Exercise
What you return must match the data below exactly, minus any pictures.

Exercise data

-------------------------

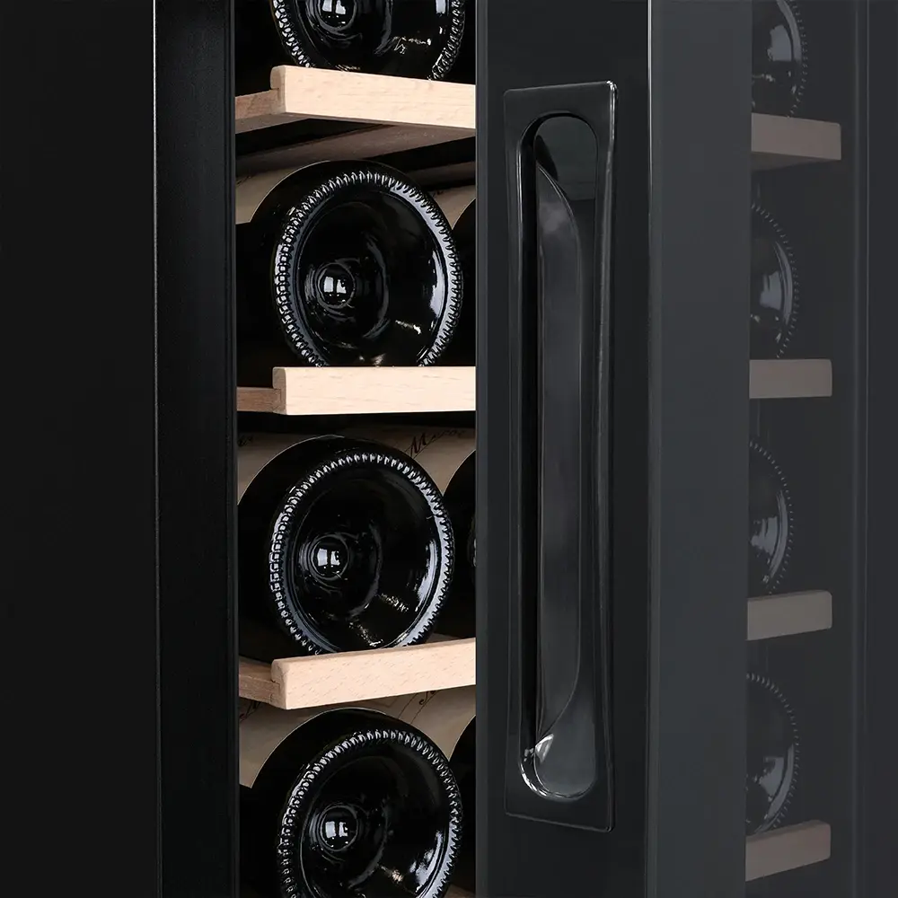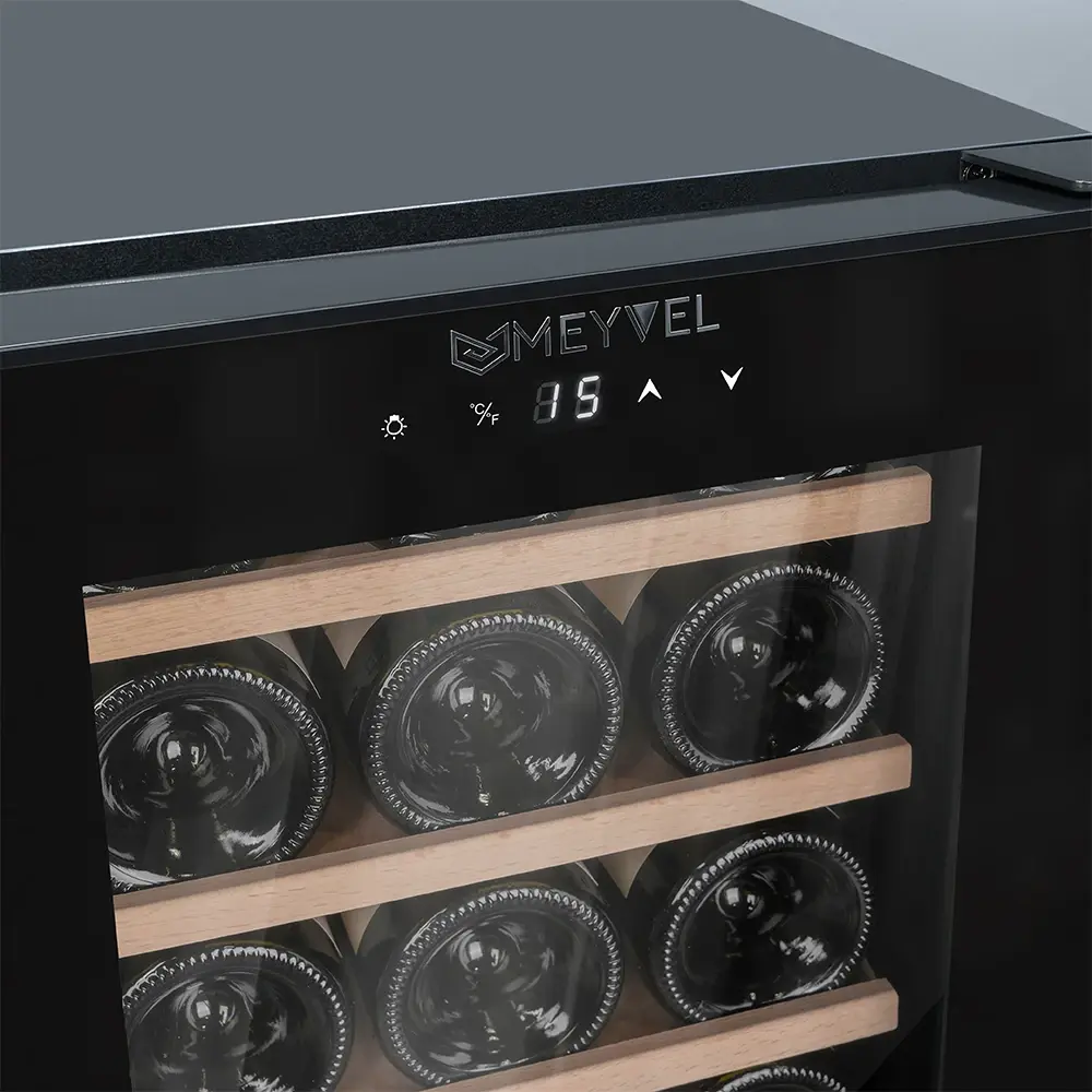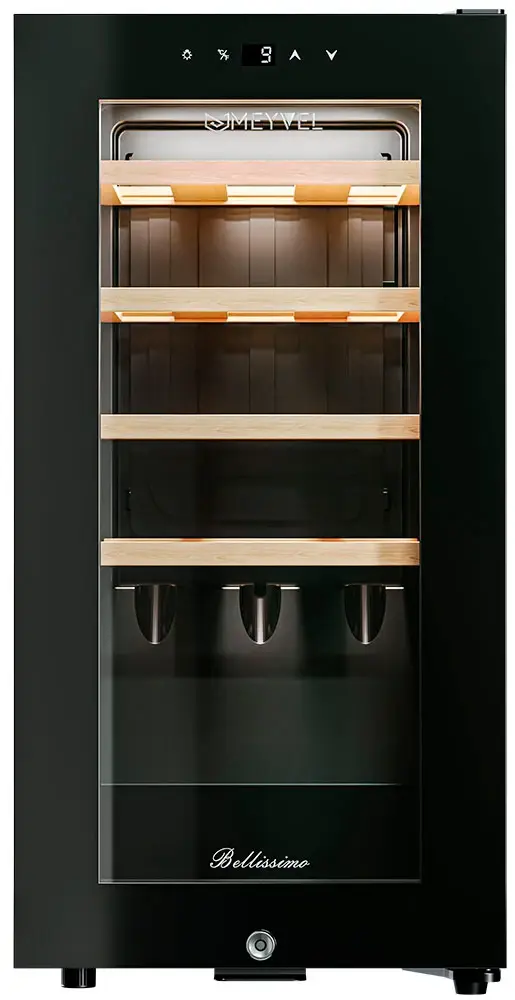 Винный шкаф монотемпературный Meyvel MV15-KBF1 отличный выбор для ценителей вина, которые хотят организовать элегантную и практичную винотеку. Это сильное и вместе с тем функциональное устройство способно вместить до 15 бутылок типа «Бордо» 0,75 литра, обеспечивая их идеальное хранение.
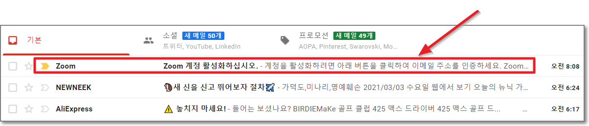 위의 방법대로 만든 구글 이메일이나 기존에 가지고 있는 이메일에 접속해서 "줌에서 온 이메일"이 있는지 확인합니다. "Zoom 계정 활성화화십시오"라는 메일이 와있네요. 줌에서 온 메일을 눌러서 확인합니다.
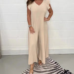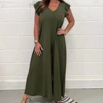 Looking for an outfit that combines style and comfort? Look no further than our FIONA Jumpsuit with a V-neckline, offering the best of both worlds. The unique design ensures a perfect fit and luxurious feel, while the wide-leg design makes it versatile for any occasion, from relaxed days to active moments.
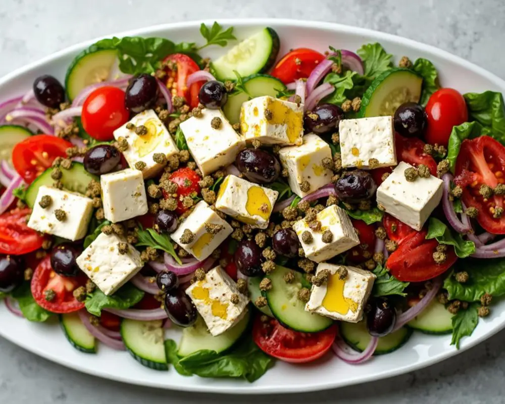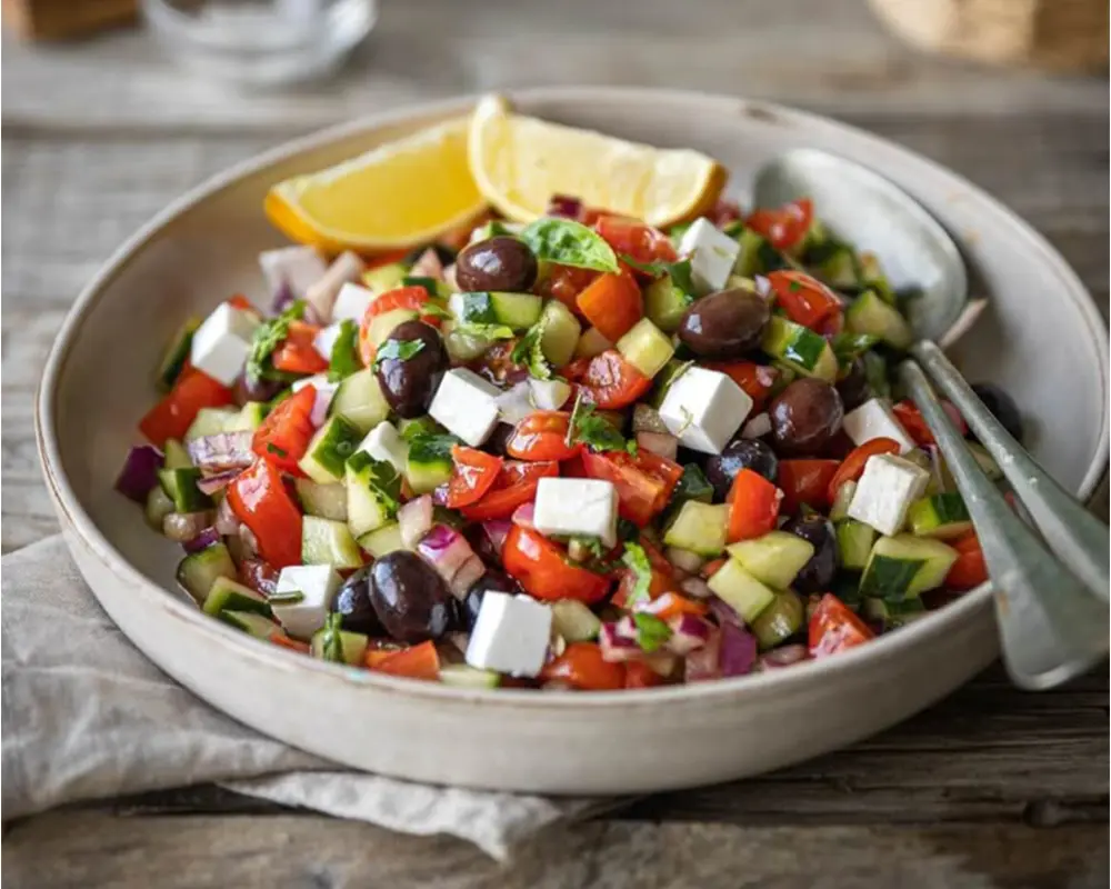 2 tomates maduros em cubos 1 pepino japonês em rodelas ½ cebola roxa fatiada 80 g de queijo branco ou feta em cubos Folhas de manjericão a gosto Sal a gosto 2 colheres de sopa de azeite de oliva
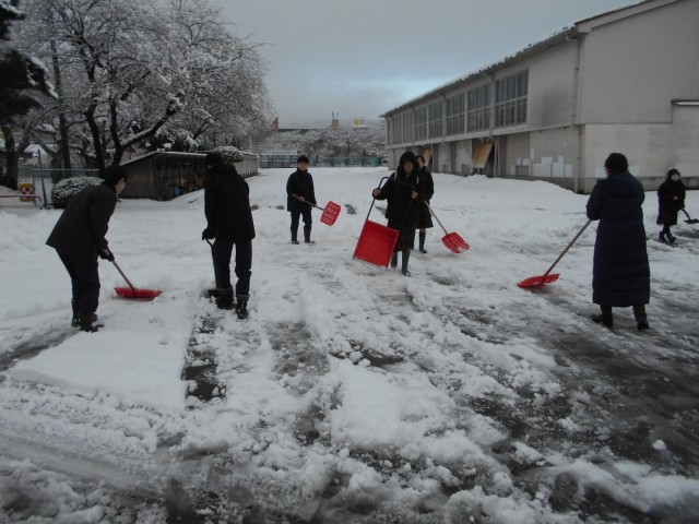 今朝は昨朝よりも積雪があり、2年1組が除雪当番を頑張ってくれました。ありがとう。
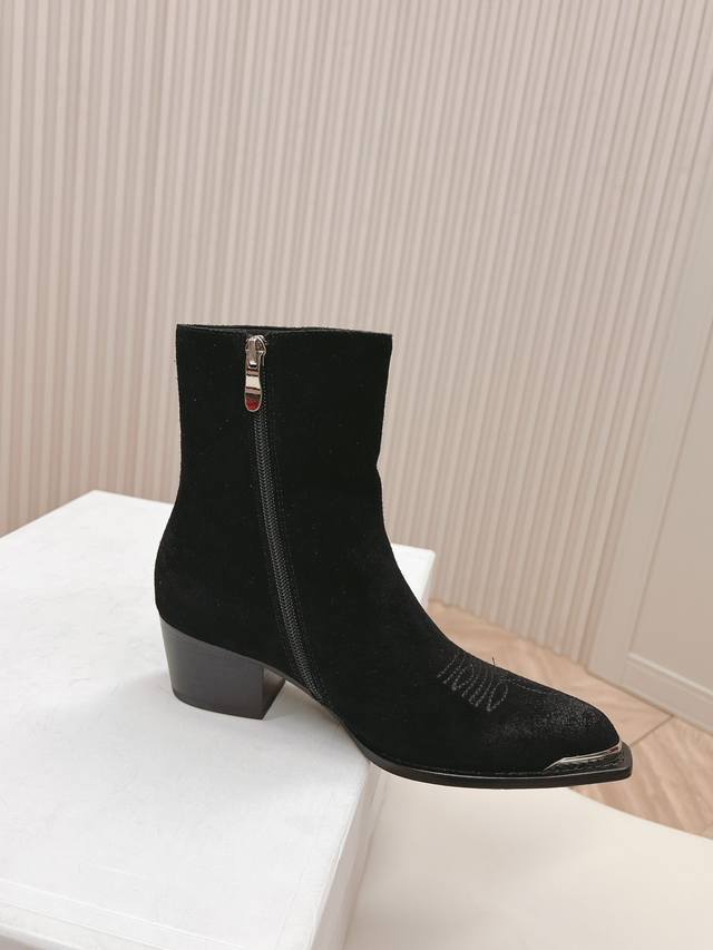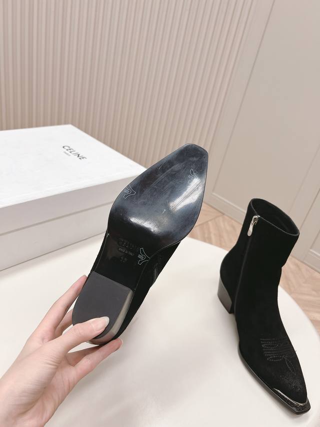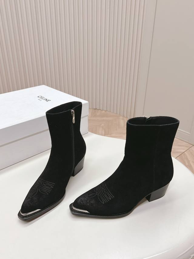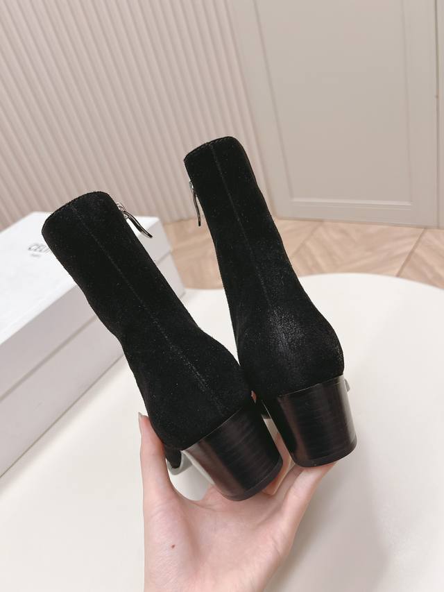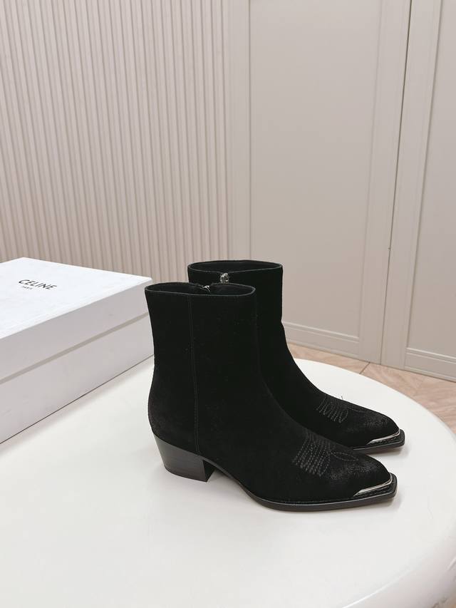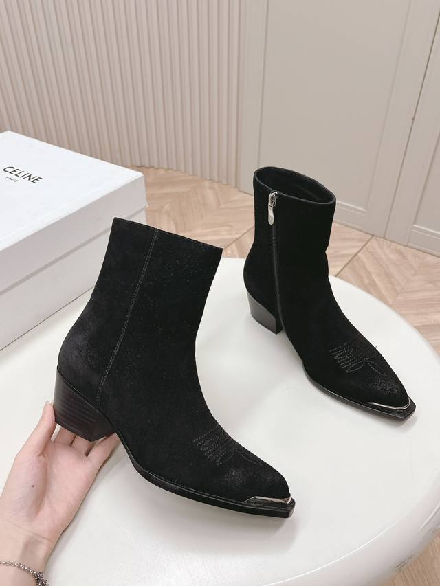 / 出牛猄面 牛皮面 Celine专柜最新时装靴、走秀款时尚博主同款 早秋力推单品!复古欧美风格 炸街必备单品 凯旋门Logo点缀 非常高端有气质 四季可穿的短靴、

-------------------------

Response area
 Винный шкаф монотемпературный Meyvel MV15-KBF1 отличный выбор для ценителей вина, которые хотят организовать элегантную и практичную винотеку. Это сильное и вместе с тем функциональное устройство способно вместить до 15 бутылок типа «Бордо» 0,75 литра, обеспечивая их идеальное хранение.
 위의 방법대로 만든 구글 이메일이나 기존에 가지고 있는 이메일에 접속해서 "줌에서 온 이메일"이 있는지 확인합니다. "Zoom 계정 활성화화십시오"라는 메일이 와있네요. 줌에서 온 메일을 눌러서 확인합니다.
 Looking for an outfit that combines style and comfort? Look no further than our FIONA Jumpsuit with a V-neckline, offering the best of both worlds. The unique design ensures a perfect fit and luxurious feel, while the wide-leg design makes it versatile for any occasion, from relaxed days to active moments.
 2 tomates maduros em cubos 1 pepino japonês em rodelas ½ cebola roxa fatiada 80 g de queijo branco ou feta em cubos Folhas de manjericão a gosto Sal a gosto 2 colheres de sopa de azeite de oliva
 今朝は昨朝よりも積雪があり、2年1組が除雪当番を頑張ってくれました。ありがとう。
 / 出牛猄面 牛皮面 Celine专柜最新时装靴、走秀款时尚博主同款 早秋力推单品!复古欧美风格 炸街必备单品 凯旋门Logo点缀 非常高端有气质 四季可穿的短靴、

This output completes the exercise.